*Exercise directions*
Nothing but the text of the listing, repeated exactly, belongs in the answer; leave the images out.
------ Collected data ------
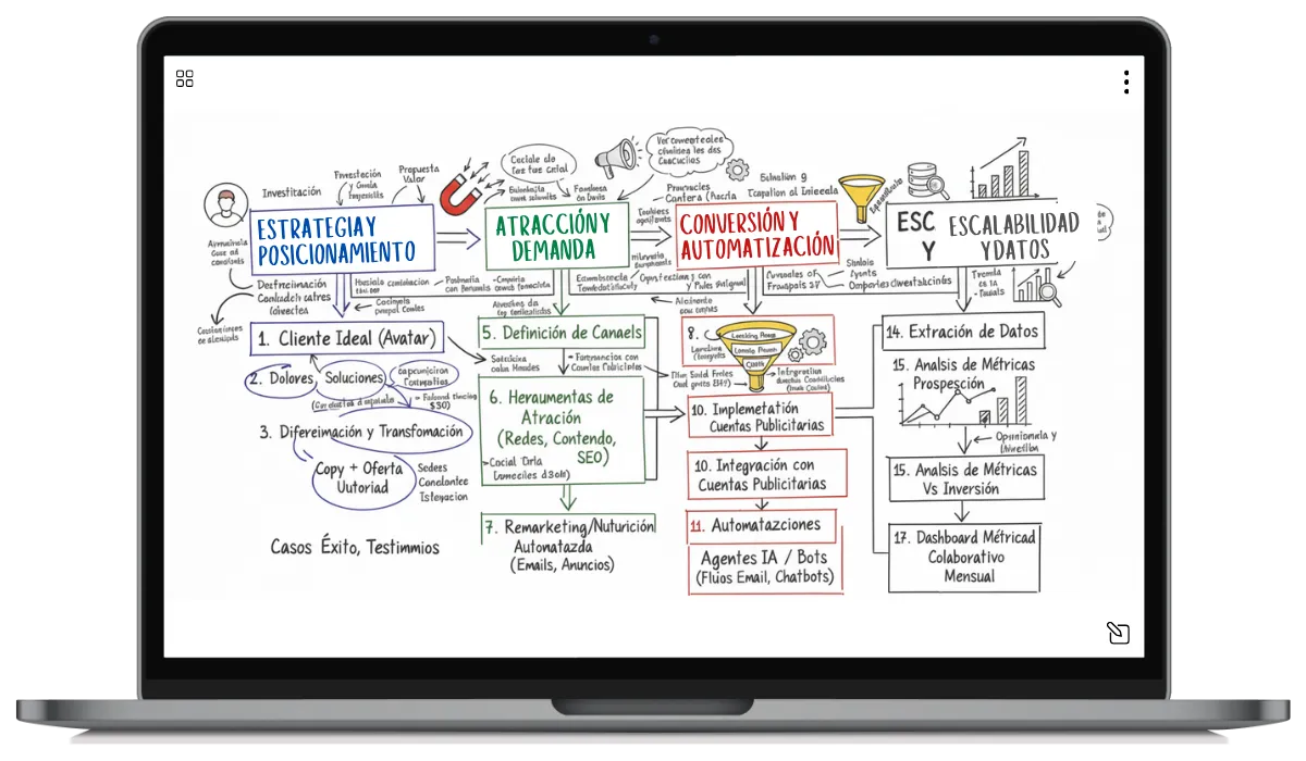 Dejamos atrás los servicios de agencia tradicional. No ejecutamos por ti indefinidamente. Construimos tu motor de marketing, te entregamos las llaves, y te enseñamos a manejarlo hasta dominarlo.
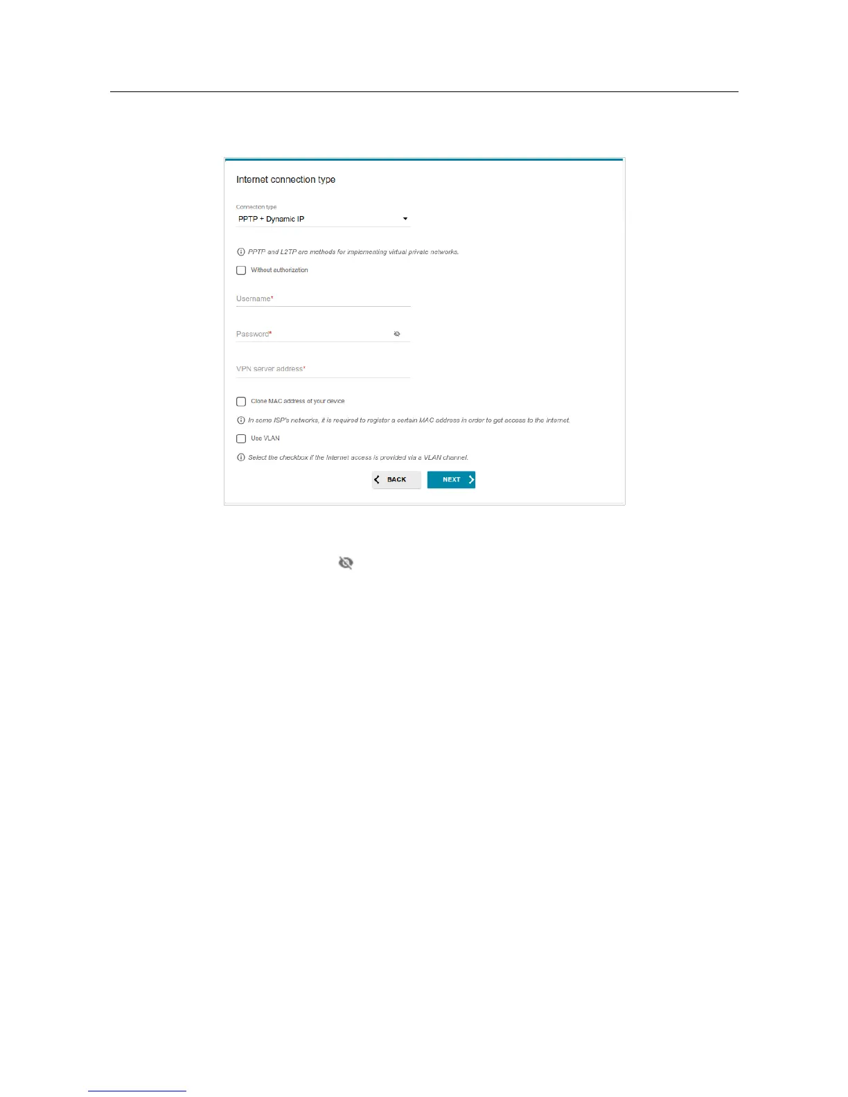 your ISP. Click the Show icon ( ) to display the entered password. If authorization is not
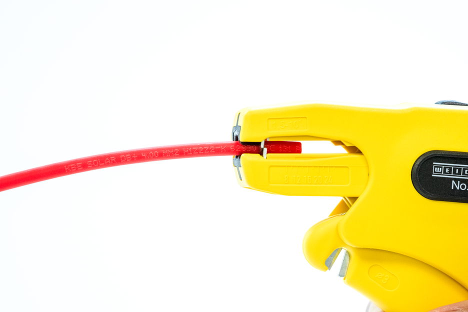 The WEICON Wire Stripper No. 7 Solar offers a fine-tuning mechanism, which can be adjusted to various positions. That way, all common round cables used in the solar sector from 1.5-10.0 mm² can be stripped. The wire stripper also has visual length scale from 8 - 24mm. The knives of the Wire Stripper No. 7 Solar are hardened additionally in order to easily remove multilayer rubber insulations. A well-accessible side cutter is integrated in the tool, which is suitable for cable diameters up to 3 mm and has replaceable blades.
------
*Solution*
 Dejamos atrás los servicios de agencia tradicional. No ejecutamos por ti indefinidamente. Construimos tu motor de marketing, te entregamos las llaves, y te enseñamos a manejarlo hasta dominarlo.
 your ISP. Click the Show icon ( ) to display the entered password. If authorization is not
 The WEICON Wire Stripper No. 7 Solar offers a fine-tuning mechanism, which can be adjusted to various positions. That way, all common round cables used in the solar sector from 1.5-10.0 mm² can be stripped. The wire stripper also has visual length scale from 8 - 24mm. The knives of the Wire Stripper No. 7 Solar are hardened additionally in order to easily remove multilayer rubber insulations. A well-accessible side cutter is integrated in the tool, which is suitable for cable diameters up to 3 mm and has replaceable blades.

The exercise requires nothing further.